*** Opening of Supplied material ***

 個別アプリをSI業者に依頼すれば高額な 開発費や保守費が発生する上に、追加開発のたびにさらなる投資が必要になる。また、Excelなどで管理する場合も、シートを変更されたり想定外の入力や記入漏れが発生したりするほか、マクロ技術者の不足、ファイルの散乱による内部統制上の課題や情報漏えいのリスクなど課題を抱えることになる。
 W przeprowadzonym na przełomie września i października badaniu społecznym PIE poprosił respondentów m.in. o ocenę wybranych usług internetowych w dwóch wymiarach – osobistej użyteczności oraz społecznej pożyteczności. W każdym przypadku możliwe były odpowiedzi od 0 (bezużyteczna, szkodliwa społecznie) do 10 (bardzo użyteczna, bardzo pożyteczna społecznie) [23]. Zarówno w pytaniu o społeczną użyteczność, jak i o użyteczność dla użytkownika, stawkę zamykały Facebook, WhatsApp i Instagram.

*** Close of Supplied material ***
*** Opening of Supplied material ***

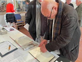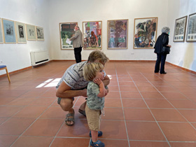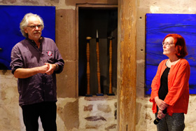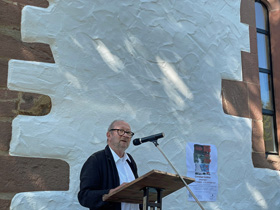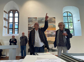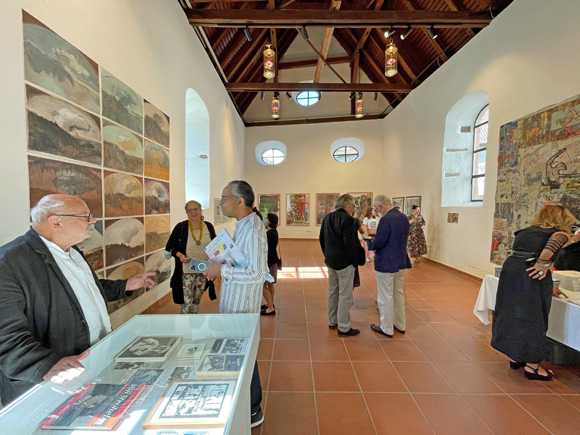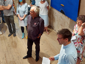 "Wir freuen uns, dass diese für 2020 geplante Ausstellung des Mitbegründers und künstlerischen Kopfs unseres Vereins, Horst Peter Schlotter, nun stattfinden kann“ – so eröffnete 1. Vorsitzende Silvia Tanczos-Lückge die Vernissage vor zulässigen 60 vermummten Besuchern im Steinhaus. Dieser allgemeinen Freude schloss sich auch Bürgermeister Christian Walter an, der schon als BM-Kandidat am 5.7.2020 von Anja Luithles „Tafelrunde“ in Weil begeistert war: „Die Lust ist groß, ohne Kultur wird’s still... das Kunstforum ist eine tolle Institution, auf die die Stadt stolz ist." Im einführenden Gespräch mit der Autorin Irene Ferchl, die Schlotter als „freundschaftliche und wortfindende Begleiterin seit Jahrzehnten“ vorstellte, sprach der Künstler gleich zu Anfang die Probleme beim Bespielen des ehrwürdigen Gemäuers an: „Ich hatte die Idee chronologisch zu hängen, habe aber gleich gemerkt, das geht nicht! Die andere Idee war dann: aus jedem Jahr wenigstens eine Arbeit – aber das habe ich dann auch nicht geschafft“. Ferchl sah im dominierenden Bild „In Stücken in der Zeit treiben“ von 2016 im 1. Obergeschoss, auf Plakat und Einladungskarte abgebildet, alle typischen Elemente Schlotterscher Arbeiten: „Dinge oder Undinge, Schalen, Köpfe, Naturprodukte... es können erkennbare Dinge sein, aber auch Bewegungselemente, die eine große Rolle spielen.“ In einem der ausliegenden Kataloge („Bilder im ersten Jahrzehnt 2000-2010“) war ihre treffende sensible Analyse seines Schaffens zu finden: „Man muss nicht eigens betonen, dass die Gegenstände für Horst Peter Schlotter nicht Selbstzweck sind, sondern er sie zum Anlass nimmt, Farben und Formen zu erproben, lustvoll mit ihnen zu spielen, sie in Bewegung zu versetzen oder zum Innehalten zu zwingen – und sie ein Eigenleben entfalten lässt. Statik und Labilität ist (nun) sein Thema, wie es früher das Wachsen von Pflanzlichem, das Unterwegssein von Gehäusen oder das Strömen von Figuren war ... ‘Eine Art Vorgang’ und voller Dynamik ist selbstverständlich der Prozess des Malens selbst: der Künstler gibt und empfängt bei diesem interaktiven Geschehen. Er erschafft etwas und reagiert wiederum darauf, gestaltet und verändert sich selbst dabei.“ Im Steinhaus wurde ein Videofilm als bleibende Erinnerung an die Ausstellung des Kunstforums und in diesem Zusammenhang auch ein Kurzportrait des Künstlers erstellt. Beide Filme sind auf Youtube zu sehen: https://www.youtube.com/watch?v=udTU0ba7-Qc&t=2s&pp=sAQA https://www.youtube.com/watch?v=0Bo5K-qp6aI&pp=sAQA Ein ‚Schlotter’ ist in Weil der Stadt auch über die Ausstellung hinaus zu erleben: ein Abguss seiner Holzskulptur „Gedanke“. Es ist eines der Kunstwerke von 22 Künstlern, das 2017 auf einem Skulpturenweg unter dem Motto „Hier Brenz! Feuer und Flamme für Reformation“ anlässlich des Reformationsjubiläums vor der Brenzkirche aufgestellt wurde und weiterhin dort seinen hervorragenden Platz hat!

*** Close of Supplied material ***

What is expected :: When the line with "個別アプリをSI業者に依頼す" is reached in the data above, begin copying, and stop after the line with "W przeprowadzonym na"; copy each line exactly, both ends included.

Exercise response ::
 個別アプリをSI業者に依頼すれば高額な 開発費や保守費が発生する上に、追加開発のたびにさらなる投資が必要になる。また、Excelなどで管理する場合も、シートを変更されたり想定外の入力や記入漏れが発生したりするほか、マクロ技術者の不足、ファイルの散乱による内部統制上の課題や情報漏えいのリスクなど課題を抱えることになる。
 W przeprowadzonym na przełomie września i października badaniu społecznym PIE poprosił respondentów m.in. o ocenę wybranych usług internetowych w dwóch wymiarach – osobistej użyteczności oraz społecznej pożyteczności. W każdym przypadku możliwe były odpowiedzi od 0 (bezużyteczna, szkodliwa społecznie) do 10 (bardzo użyteczna, bardzo pożyteczna społecznie) [23]. Zarówno w pytaniu o społeczną użyteczność, jak i o użyteczność dla użytkownika, stawkę zamykały Facebook, WhatsApp i Instagram.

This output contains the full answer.